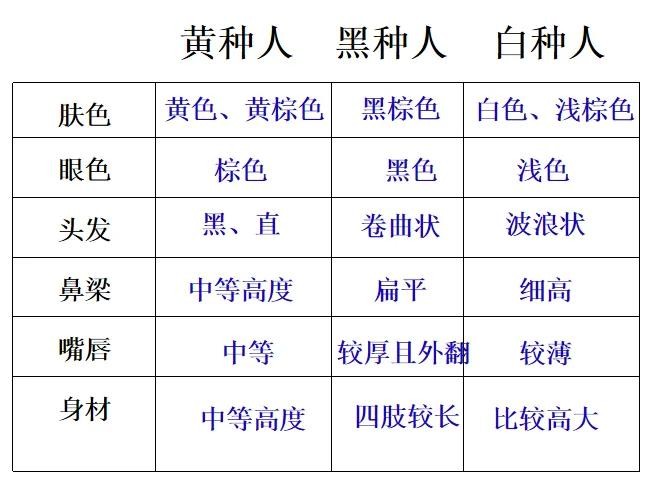 世界上不同地方的人群,在外表和体质上往往存在着一定的差异。根据人类体质特征方面的差异,世界上的居民可分为白色人种、黄色人种和黑色人种。
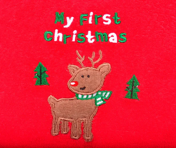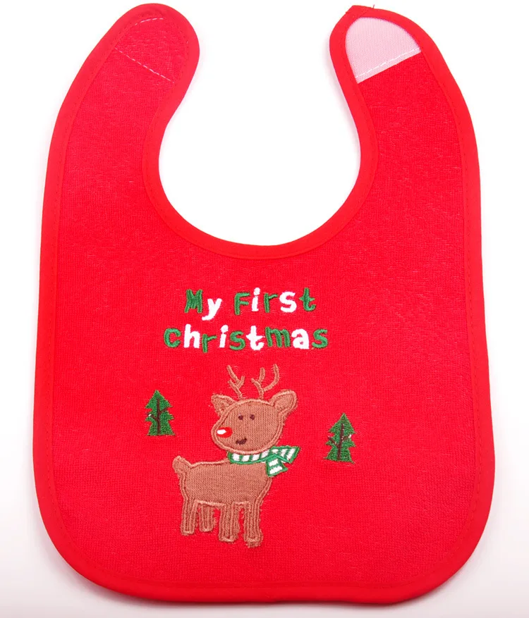 Artículo: Babero navideñoMaterial: poliéster algodónTamaño: 29*19,5 CMEmbalaje: 1 unidad/bolsa100% nuevo y de alta calidadToalla doble, absorción de agua, tacto suave y delicado.Puede resolver el problema de filtración del babero individual.Exquisita tela bordada
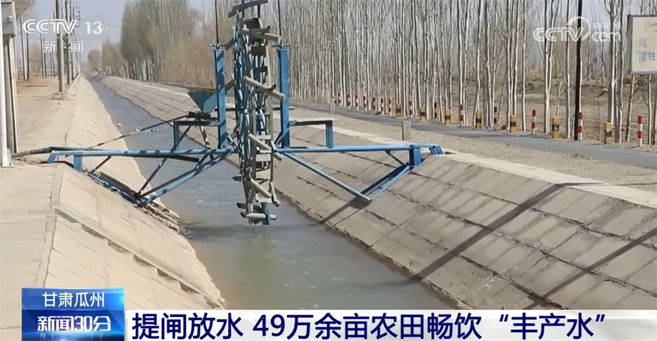 在甘肃瓜州,随着疏勒河流域灌区引水闸闸口开启,各灌区陆续提闸放水,让49万余亩农田按时足量喝上开春“丰产水”。
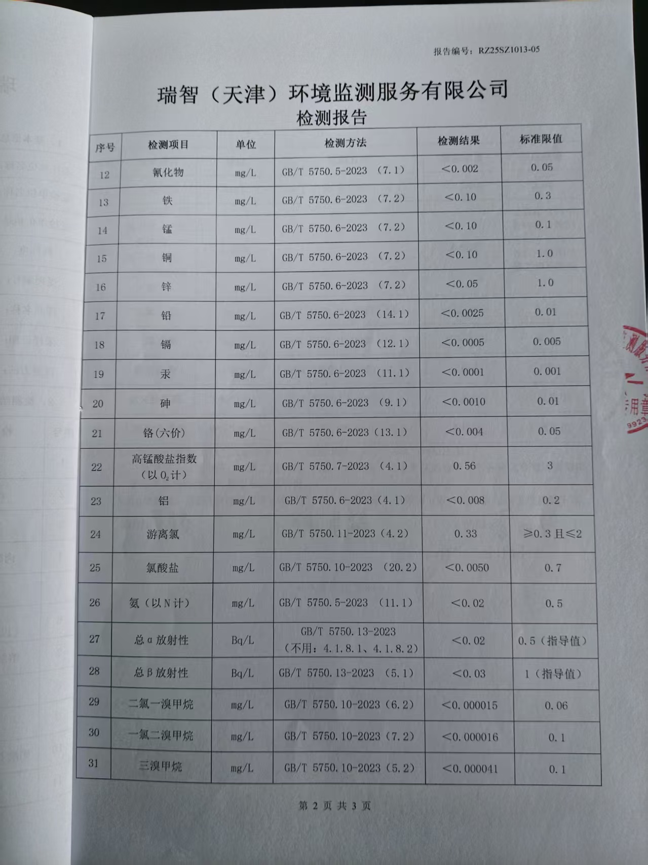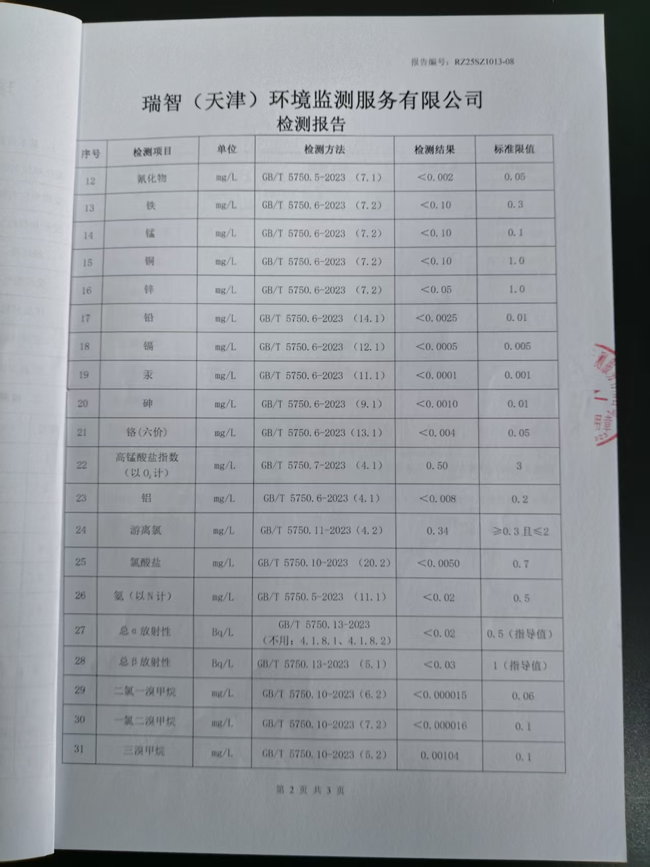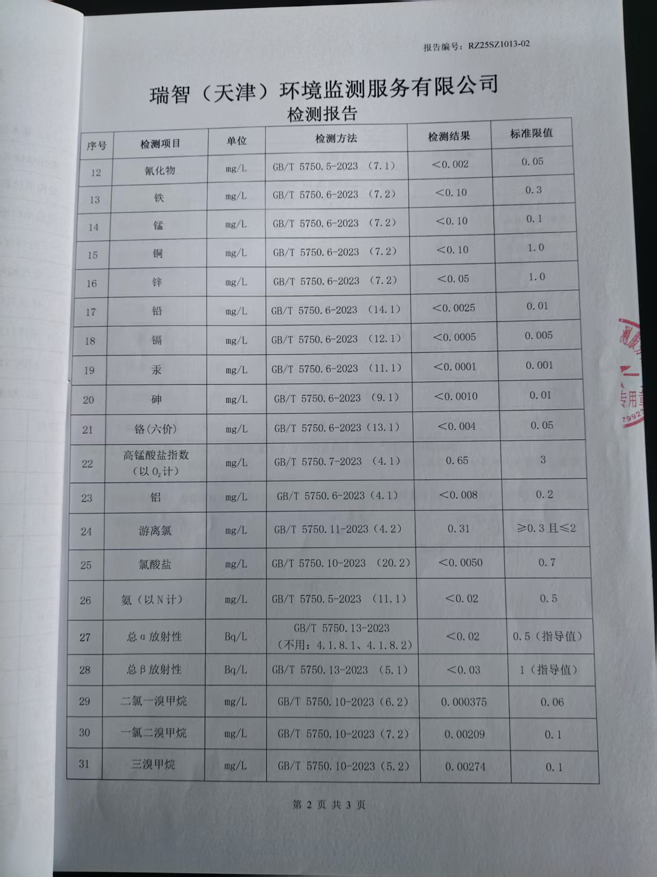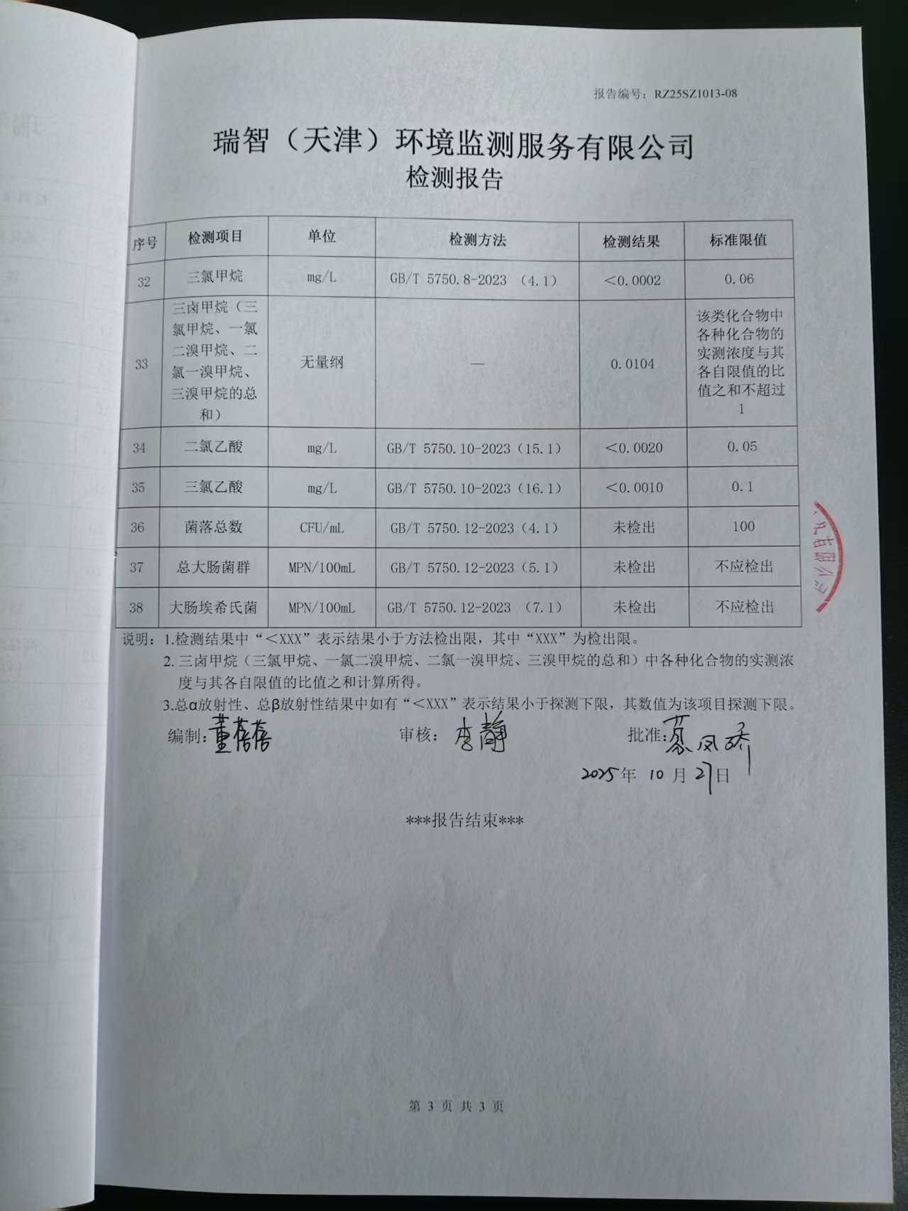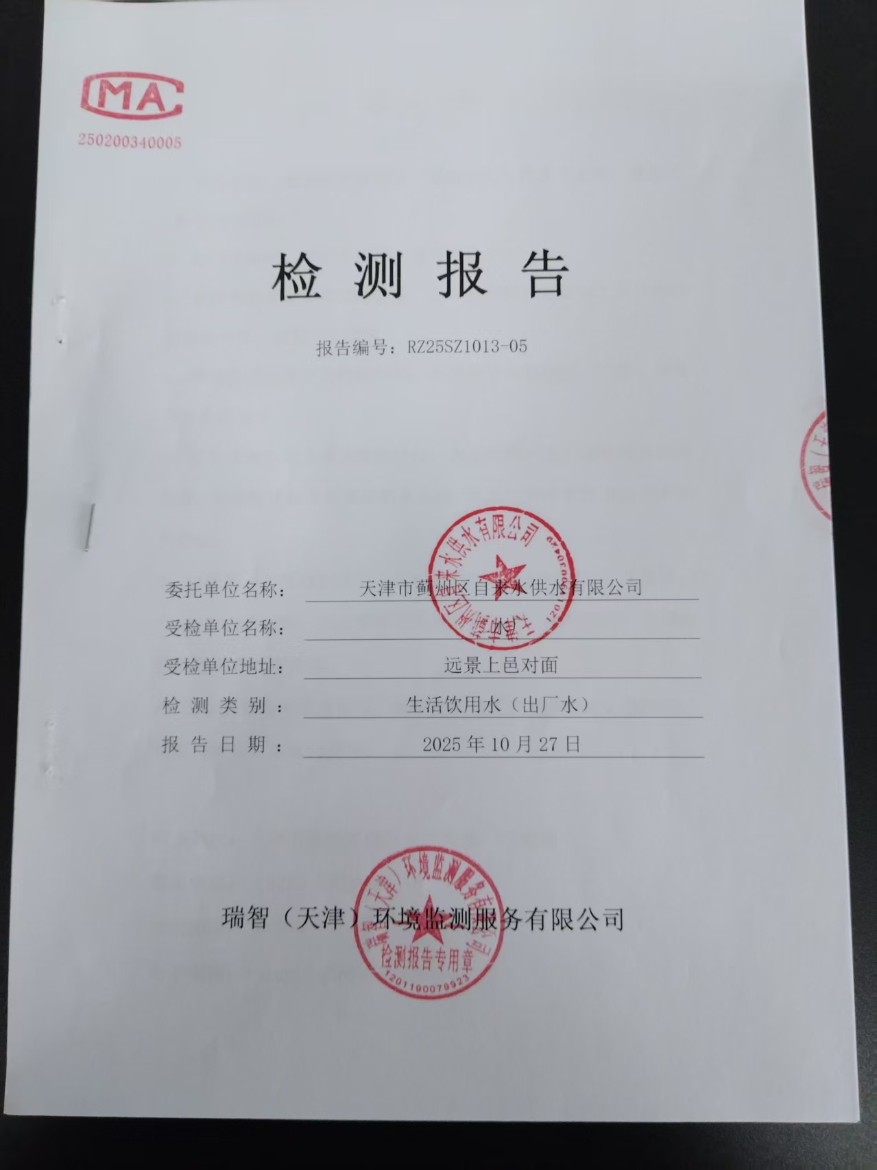 2025年10月份水質檢測報告
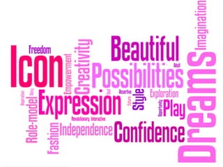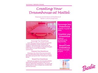 The document discusses the concept of a 'master idea' for the brand Barbie, emphasizing its role as a unique and influential symbol that shapes the purpose, culture, and values of the organization. It explores Barbie's history, the vision of her founder Ruth Handler, and how the brand has the potential to empower young girls by allowing them to imagine and create their own futures. Additionally, it highlights the importance of integrating the master idea into communication and marketing to position Barbie as a timeless icon in contemporary culture.
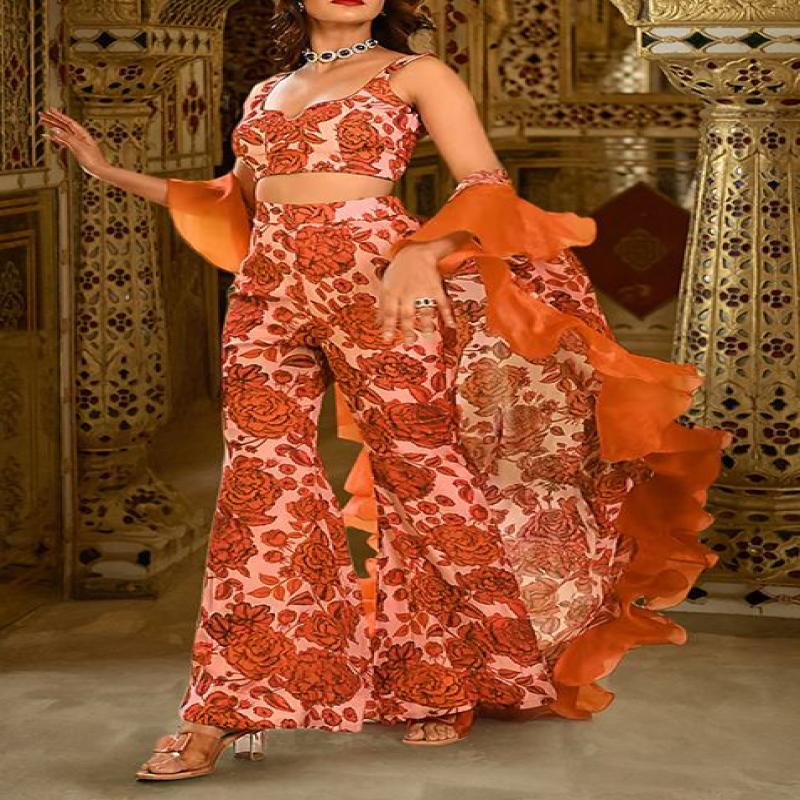 Orange Jacket Set With Printed Blouse And Pants - DFS00193
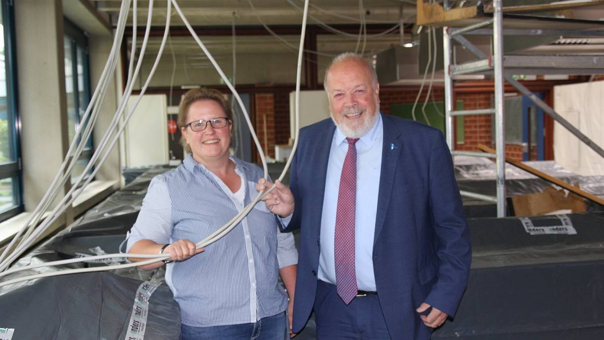 Im Zuge der energetischen Sanierung werden nun auch Teile des Erdgeschosses mit der neuen Beleuchtung ausgestattet – insgesamt neun Klassen- und Gruppenräume fallen in diesen Bereich. Neben der optimierten Beleuchtung wird hier zudem die Elektroinstallation saniert sowie der Brandschutz den neuesten Standards angepasst. Auch die Schulküche ist Bestandteil der Arbeiten. „In der Lehrküche wird ein Großteil der Elektrik erneuert. Manche Leitungen, wie die der Dunstabzugshauben, sind allerdings noch sehr neu und können bleiben", berichtet Freudenreich. Sie freut sich besonders, dass zwei der am Umbau beteiligten Baufirmen aus Kirchlengern stammen.
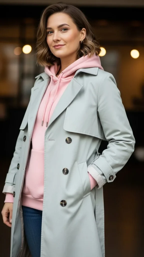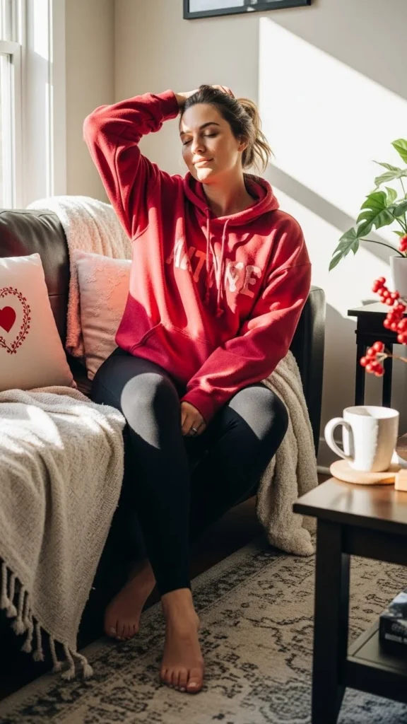 This outfit focuses on comfort while still looking intentional. Choose a hoodie in pink, cream, or soft red. Clean sneakers or slides finish the look. DIY idea: cuff the sleeves slightly to avoid a sloppy feel.
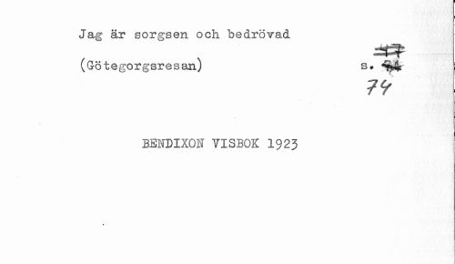 //// Jag är sorgsen och be dr övad //// i //// (Götegorgsresan) s# //// BSMDIXOS VISBOK 1923 //// ¥ ////
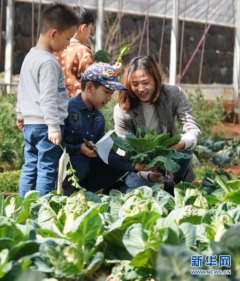 谢丞恩在农场内带领来参观的小朋友们认识蔬菜(2月20日摄)。新华社记者 季春鹏 摄
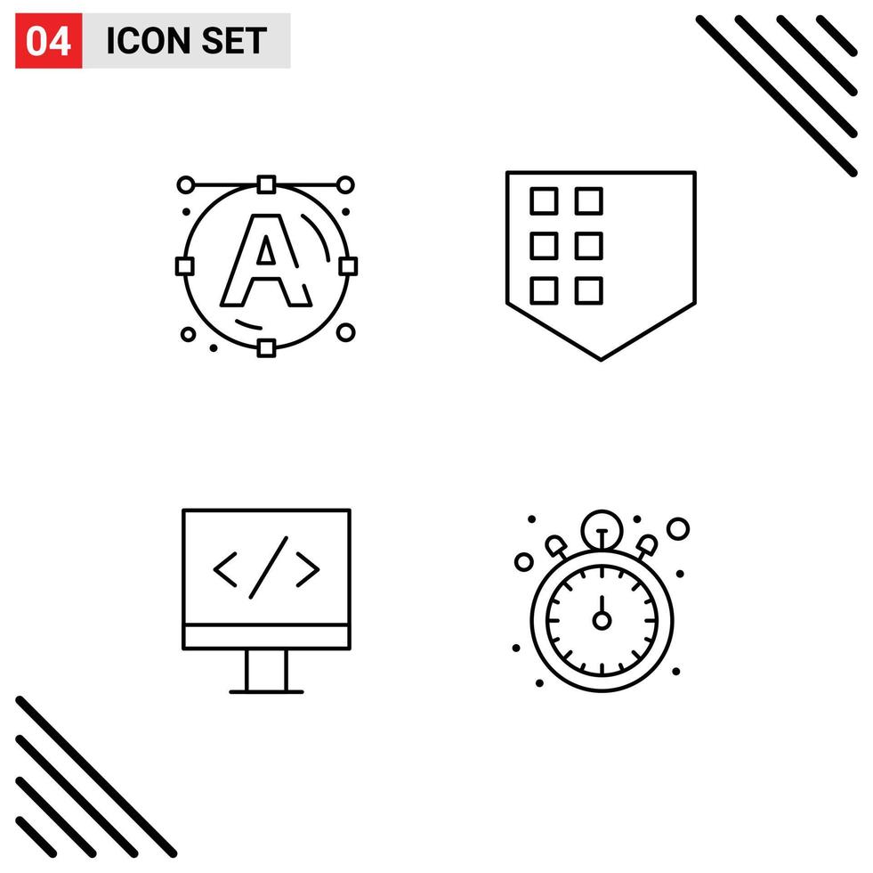 Line Pack of 4 Universal Symbols of font pocket watch protect computer timer Editable Vector Design Elements Free Vector

What needs to be done – Exact copy required, pictures excluded: the lines from the one holding "谢丞恩在农场内带领来参观的小朋友们认识蔬菜(2月20日摄)。新华社记者 季春鹏 摄" through the last line of the data, both ends included.

Exercise result –
 谢丞恩在农场内带领来参观的小朋友们认识蔬菜(2月20日摄)。新华社记者 季春鹏 摄
 Line Pack of 4 Universal Symbols of font pocket watch protect computer timer Editable Vector Design Elements Free Vector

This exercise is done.